Session 2The governance AI in supply chain and logistics needs and the governance it does not
- Establish the boundary of AI in supply chain and logistics and record what sits outside it.
- Record the reasoning behind each architectural choice in chain and logistics.
- Rank the weaknesses in AI in supply chain and logistics by consequence rather than by ease of fixing.
- Confirm that contractual obligations around chain and logistics are understood.
Chain and logistics: from pilot to production
2 sessions · 8 pointsSession 1The decisions in chain and logistics that cannot be delegated
- Build the internal briefing that explains AI in supply chain and logistics to those affected.
- Set the metrics that will show whether chain and logistics is drifting from its intended behaviour.
- Identify the skills the team lacks to operate AI in supply chain and logistics independently.
- Confirm that those complying with chain and logistics understand why it exists.
Session 2Building lasting competence in chain and logistics
- Check that AI in supply chain and logistics still works when volumes rise unexpectedly.
- Plan how chain and logistics is versioned and how a bad release is rolled back.

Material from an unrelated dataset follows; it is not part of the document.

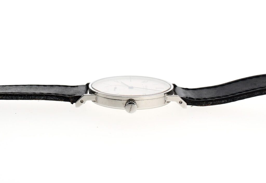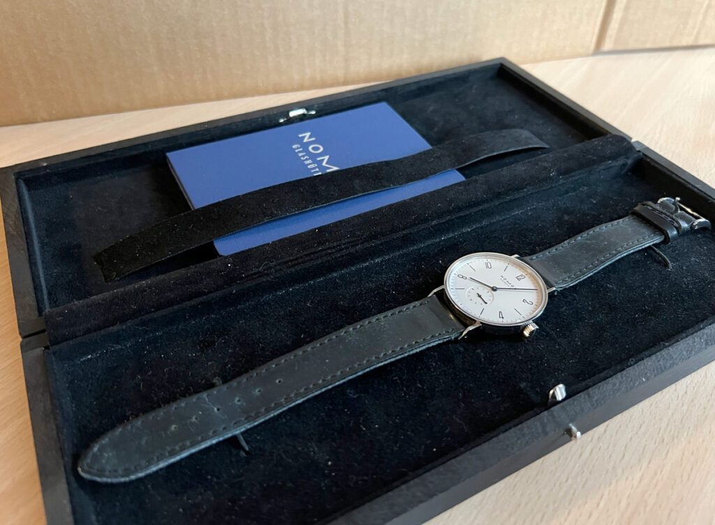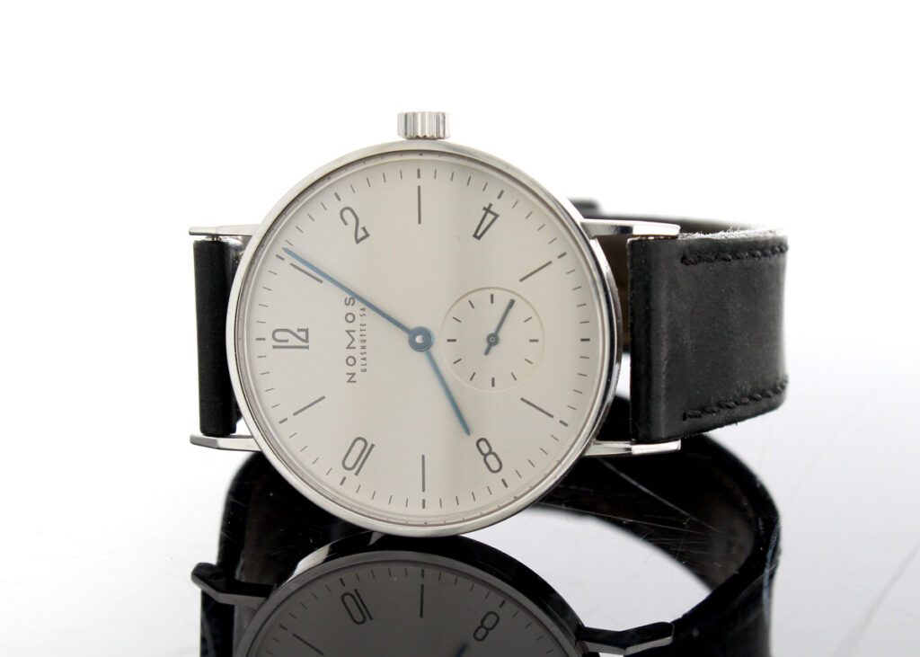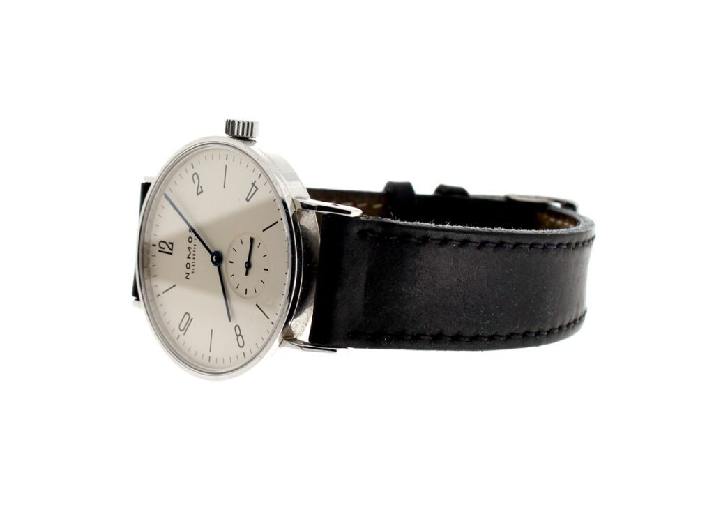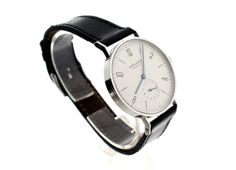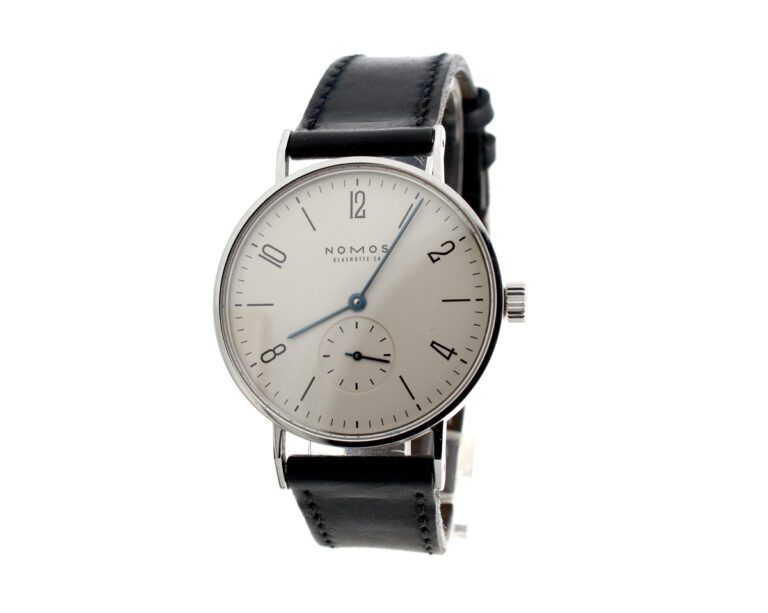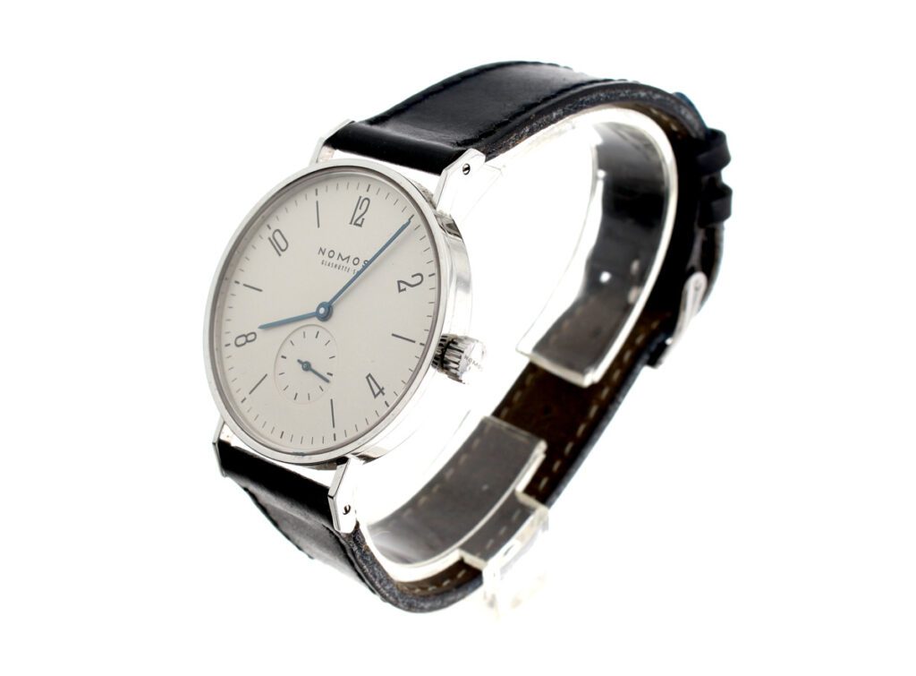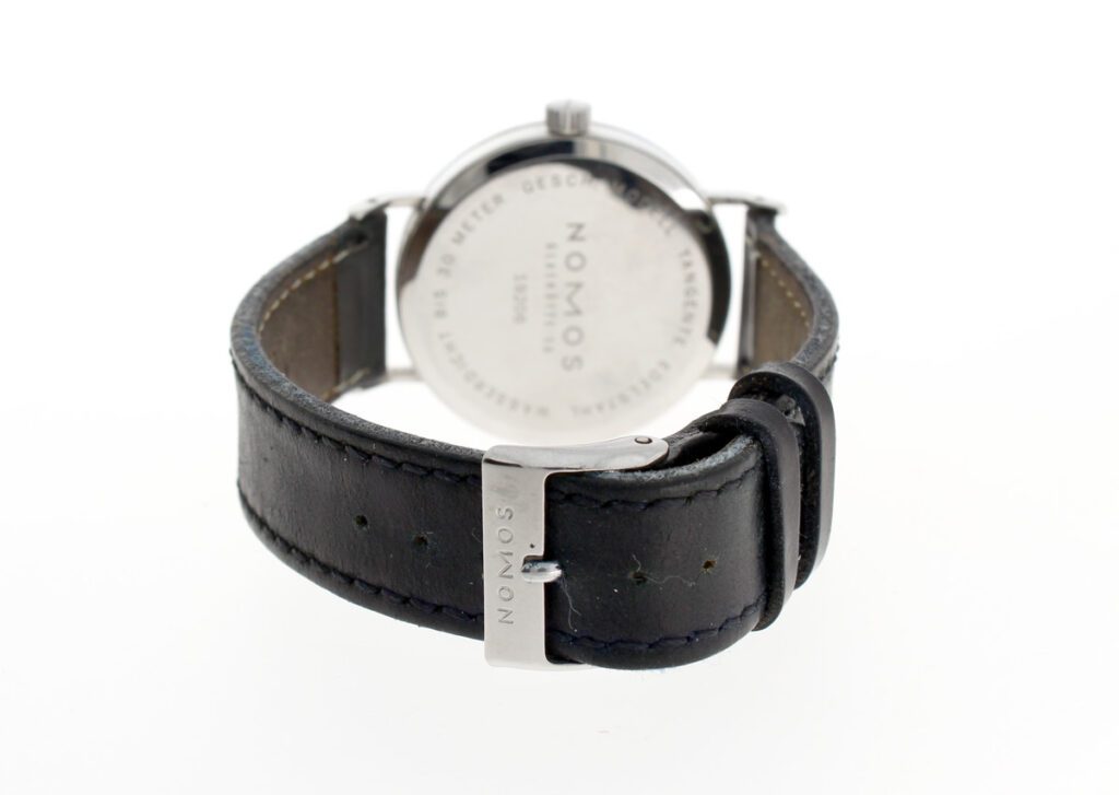 NOMOS GLASHÜTTE Tangente Herrenuhr mit Edelstahlgehäuse, Quartzwerk, Lederband und Original-Holzbox.

- Check that records of AI in supply chain and logistics answer the questions likely to be asked.
- Anticipate the objections chain and logistics will raise and prepare the answers.
Choose the package that suits you
Silver Package
At least 3 people
- Workshop or Program Participation
- Airport Transfers
- Customized Badge
- Expert Mentorship (Private Sessions)
- Supervision & Secretarial Services
- Accredited Certificate of Participation
- Complete Training Kit
- Coffee Break
- Closing Ceremony
Gold Package
At least 3 people
- 5-night stay in a 5-star hotel
- Workshop or Program Participation
- Airport Transfers
- Customized Badge
- Expert Mentorship (Private Sessions)
- Supervision & Secretarial Services
- Accredited Certificate of Participation
- Complete Training Kit
- Coffee Break
- Closing Ceremony
Complete your registration
We will contact you within one business day to confirm.